Herdenschutzhunde

  • Wenn sich alle etwas bemühen, passt man sich den vorgefundenen Verhältnissen an oder verhaltet sich dementsprechend, dass es so wenig wie möglich zu Konflikten kommt.

    👍👍👍

  • Es ist doch so, dass jeder Mensch Ängst in sich trägt, weil er eben mit gewissen Sachen weniger gut klar kommt oder evtl. eben schon negatives erlebt hat. Und dies ist bei allen Menschen so, etwas ist immer.


    Beispiel würde ich niemals wie Hasch-key auf so krassen Bergen rumlaufen, weil ich ehrlich Angst habe abzustürzen. Da könnte man nun auch sagen, ich schiebe unnötig Panik es verenden ja relativ wenige Leute da oben. Diese verschiedenen Angst-Situationen kann man unendlich weiter ziehen, von Angst im Dunkeln vor Männer (meine Güte, dir selber ist ja noch nie was passiert, warum also die Panik)... dann die Spinnen, wo so viele doof tun, meine Güte, Spinnen können dich nicht fressen... wo ist das Problem. Ich könnte alles aufzählen... irgendwo ist eine Angst/Unsicherheit und ich finde es nicht fair wenn man auf Ängsten von Anderen rumhackt.

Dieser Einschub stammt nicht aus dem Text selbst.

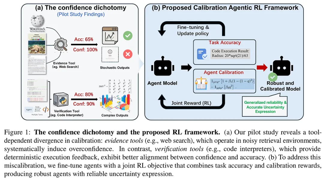 - 挑战与目标:现有研究表明,基于证据检索的工具(如网络搜索)往往引入噪声,导致智能体过度自信;而基于验证的工具(如代码解释器)通过确定性反馈,有助于缓解误校准问题。本文旨在系统分析不同工具类型对智能体置信度的影响,揭示“置信度二分法”,并提出针对性校准优化方法,提升智能体在多领域任务中的可靠性。
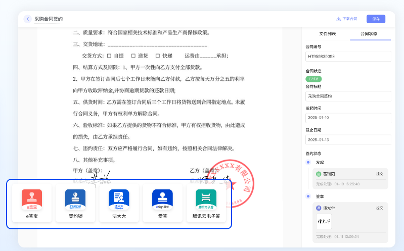 以前异地合作,合同得寄来寄去,光快递就等好几天,还得花快递费。鲸签云集成了主流的电签平台,不管对方在哪个城市,把合同链接发过去,几分钟就能完成签署。关键是这电子签名完全合法,有国家授时中心的时间戳,还有存证,和纸质签名有一样的法律效力,就算出了纠纷也能拿得出合规证据。之前有个物流企业用它批量签运输协议,一天就搞定了
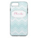 Adorn and protect your phone with this stylish, modern, and preppy iPhone 6 Plus case, personalised with your name, initials, or custom text. This case is designed with a teal chevron pattern, and your name is printed in pink script.
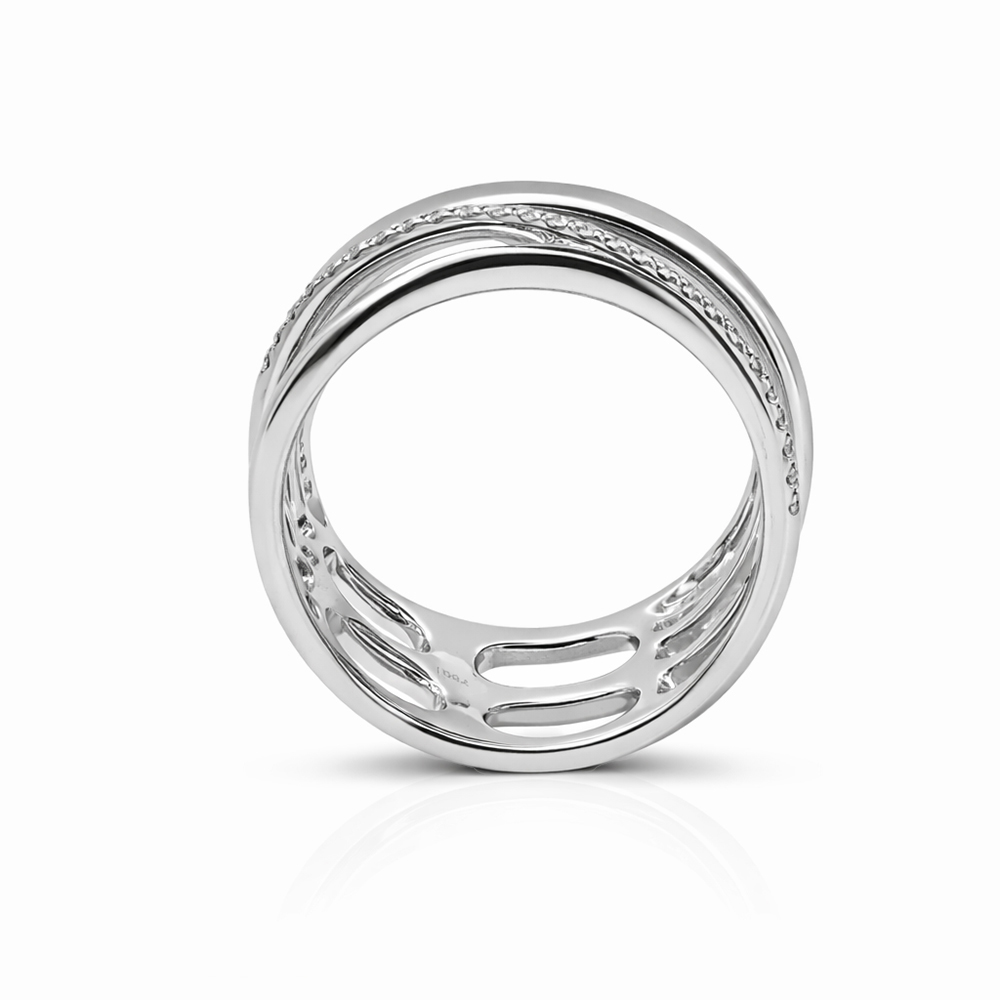 Anillo de oro blanco con diseño contemporáneo de múltiples bandas entrecruzadas. Combina superficies pulidas con delicadas líneas de diamantes pavé que crean un efecto dinámico y elegante. Su estructura abierta y moderna lo convierte en una pieza sofisticada ideal para uso diario o como joya de diseño.
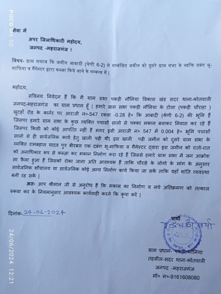 महराजगंज: महराजगंज नौनिया चौराहे पर सार्वजनिक जमीन पर कब्जा करने के संबंध में इन्द्रमानी वर्मा ग्राम प्रधान ने डीएम को दिया पत्र ग्राम प्रधान ने बताया कि पकड़ी नौनिया के टोला पकड़ी चौराहा खुटहा मार्ग के कॉर्नर पर आराजी नंबर 547 रकबा 28 हेक्टेयर की आबादी भूमि है। जिस पर हमारे ग्राम सभा के कुछ व्यक्ति 50 सालों से पक्का मकान बनवाकर निवास कर रहे हैं।
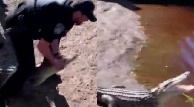 Polis timsahı əlləri ilə çaya buraxdı
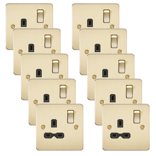Knightsbridge FPR7000BBx10 Flat Plate 13A 1G DP Switch Socket - Brushed Brass + Black Insert (10 Pack)
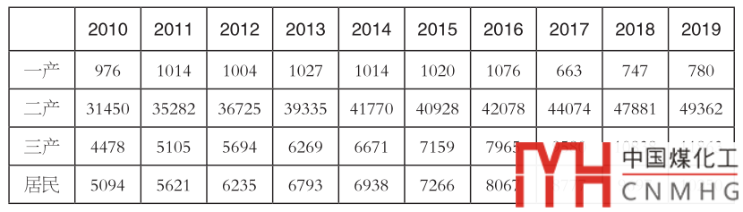 表1 2010~2019年分產業(yè)用電量(單位:億千瓦時)
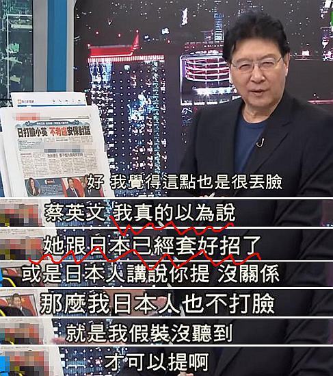 “很丢脸!”台湾政论节目主持人赵少康本还天真的以为蔡英文是“跟日本已经套好招了”,才会如此大胆的提出来,没想到却被对方结结实实打了一巴掌……
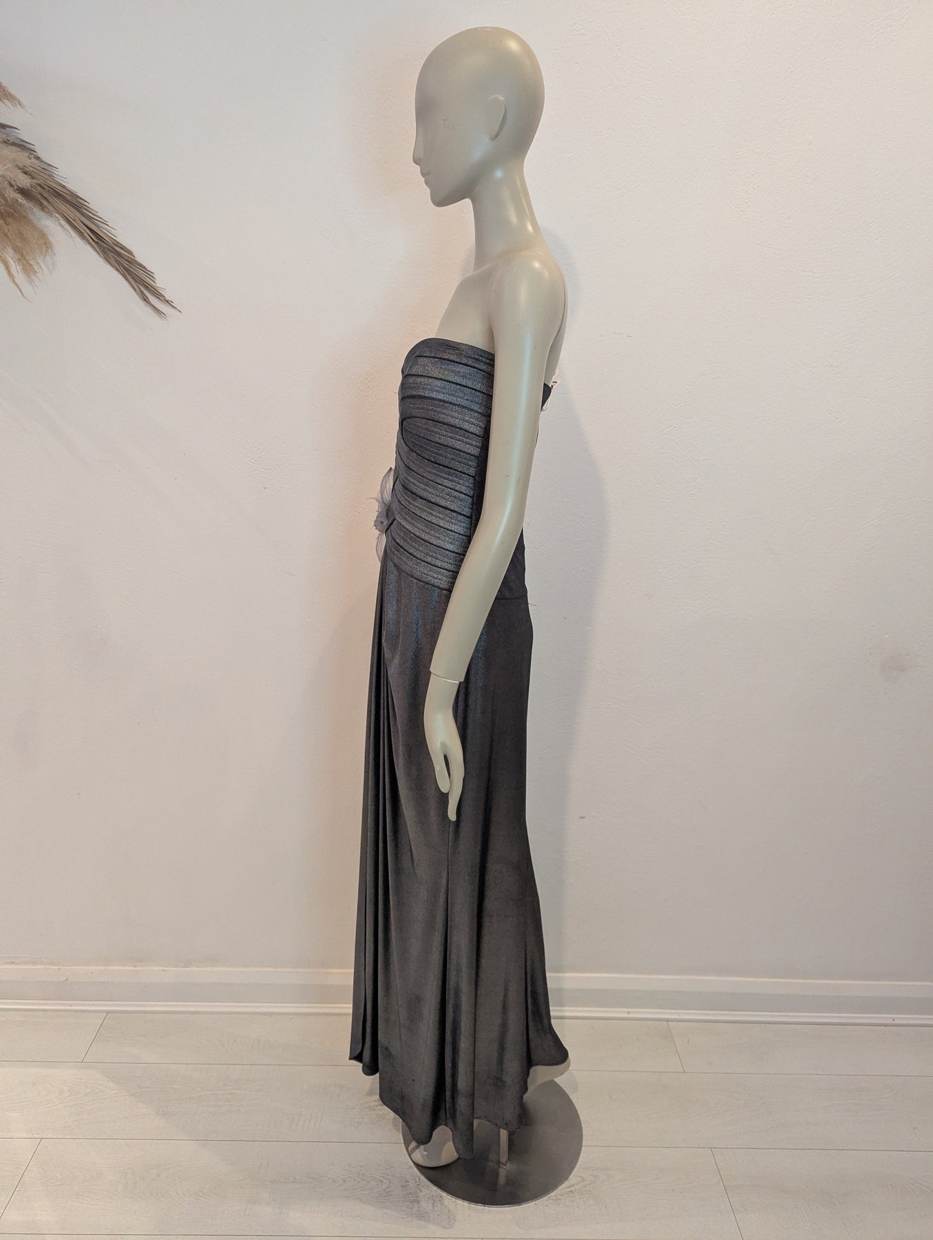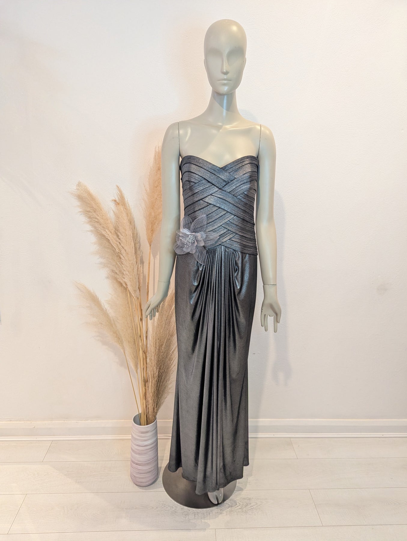 Condition: Excellent preloved condition no signs of wear. A vintage, strapless Joseph Ribkoff gown in a beautiful metallic grey. The bandage top section features a 3d flower. Zip back fastening
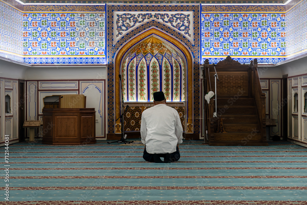 Back view of a Muslim man's while he prays in mosque. Prayer inside a beautiful old Uzbek mosque
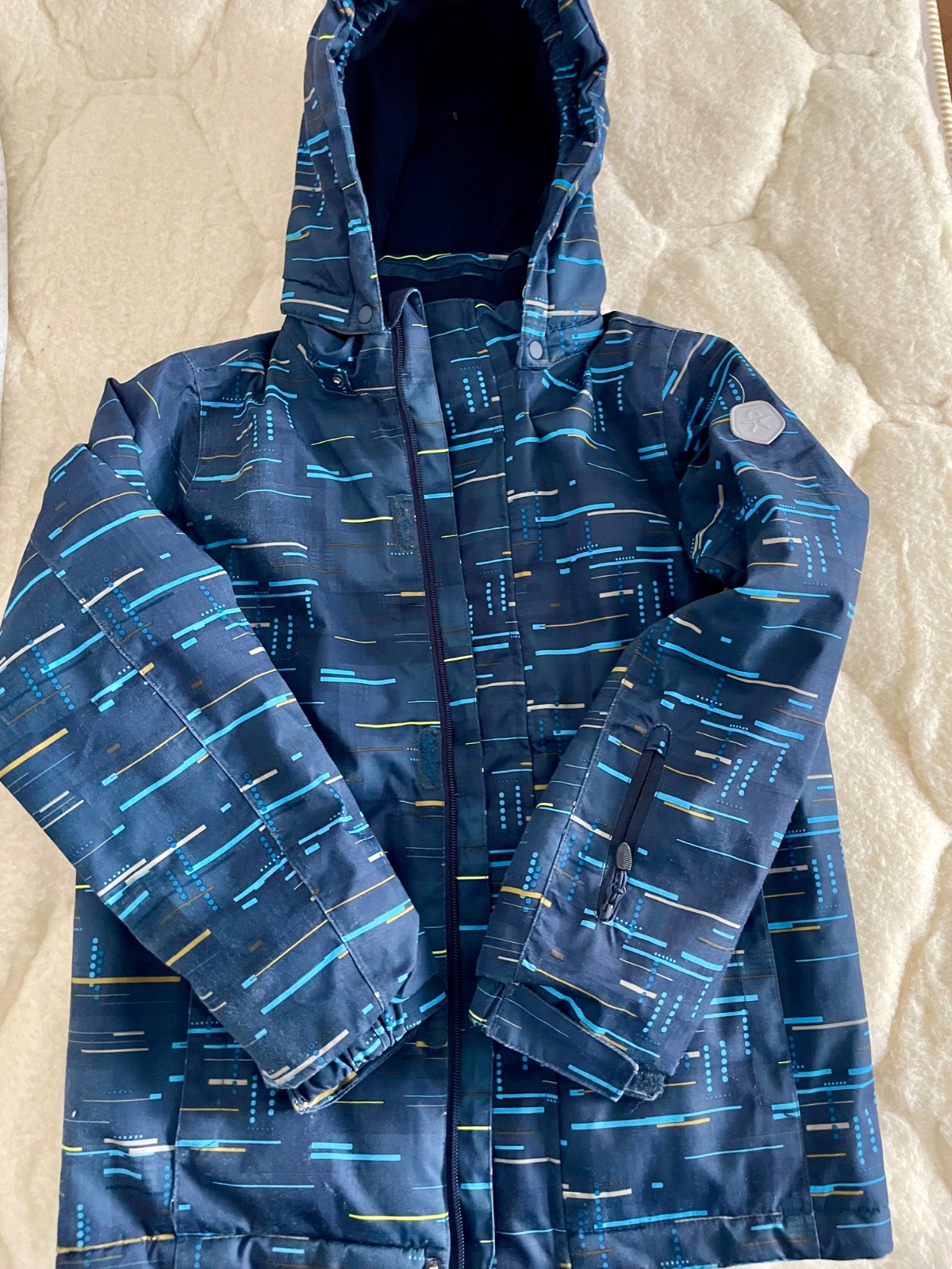 Predám zachovalú chlapčenskú zimnú / lyžiarsku bundu s odnímateľnou kapucňou, veľkosť 152, dĺžka 60cm, rukáv 56cm, vnútorné vrecko a vrecko na rukáve na skipass.
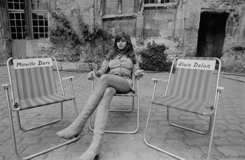 Сентябрь 1970 года. Начинающая французская актриса Мария Шнайдер на съемках фильма «Влюбленные» (Madly) с Аленом Делоном и Мирей Дарк в главных ролях. Фото Pierre Bonnotte.
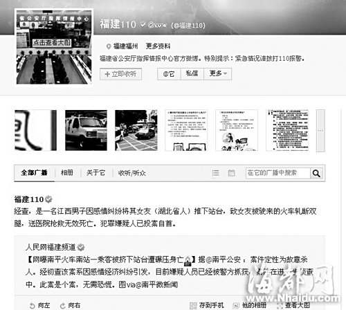 昨日上午10时许,福建省公安厅指挥情报中心也在其腾讯官方微博“福建110”上发布信息,称经查,是一名江西男子因感情经济纠纷,将其女友推下站台,致女友被驶来的火车轧断双腿,送医院抢救无效死亡,犯罪嫌疑人则已投案自首。
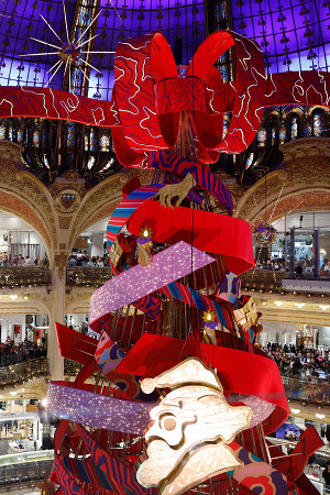 パリの老舗デパート「ギャラリーラファイエット」で12日、シンボルのガラスドームの下に設置された巨大クリスマスツリーの点灯式が行われた。同デパートのツリーは76年以来、パリのXマスシーズンを彩っている。
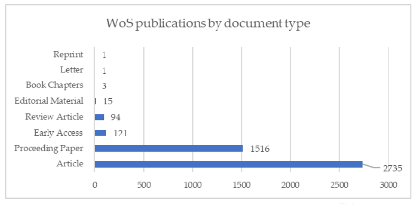 Although the beginning of the publication period in the WoS and Scopus databases was recorded only in 2015, the increase in number of publications was rapid. In 2021, it exceeded one thousand papers.
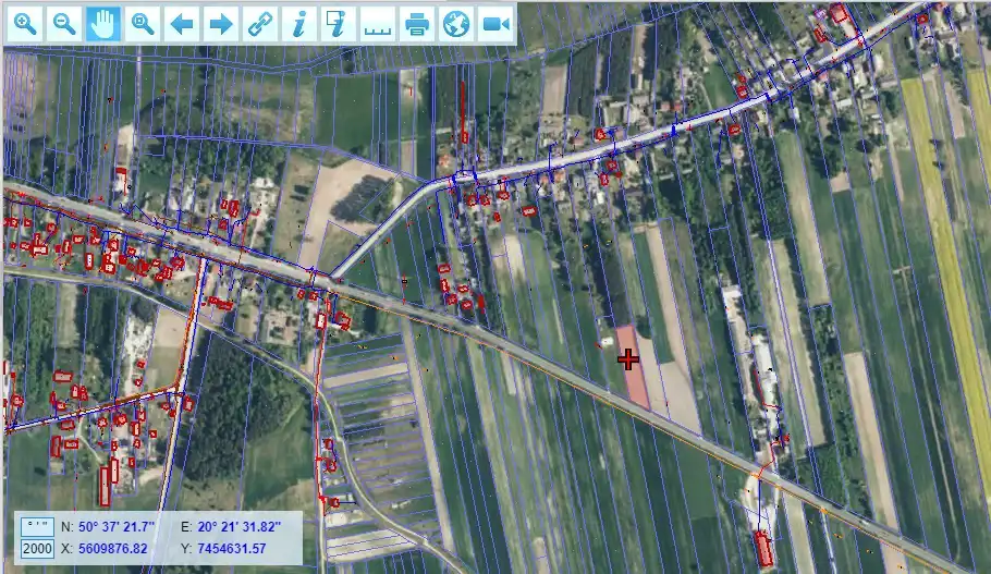The plot is located in a convenient transportation hub (Jędrzejów-Chmielnik route), with surrounding areas mainly consisting of open fields and single-family houses

    Die Ängste werden sich auch mit Beweismaterialien verschwinden, die bleiben... werden sich evtl. durch x Wiederholungen mit direkten selber erlebten Situationen mindern... wie bei mir die Höhenangst. Aber man muss dran arbeiten, sowie man es eigentlich bei Hunden macht. :zwinker:

    Dazu erschwert es die Situation, dass es um nicht sich selber geht sondern auch noch ein 2. Lebewesen betrifft (hier der Hund von Fr. Wolfinger). Und diese Ängste können teils noch weit aus stärker sein weil man das Geliebte schützen will.

    Ist bei mir auch so, um mich mache ich mir oft keine Sorgen aber um mein Hund weitaus mehr. :zwinker::nicken: Ich selber hätte beim HSH keine Angst um mich, sondern nur um mein Hund...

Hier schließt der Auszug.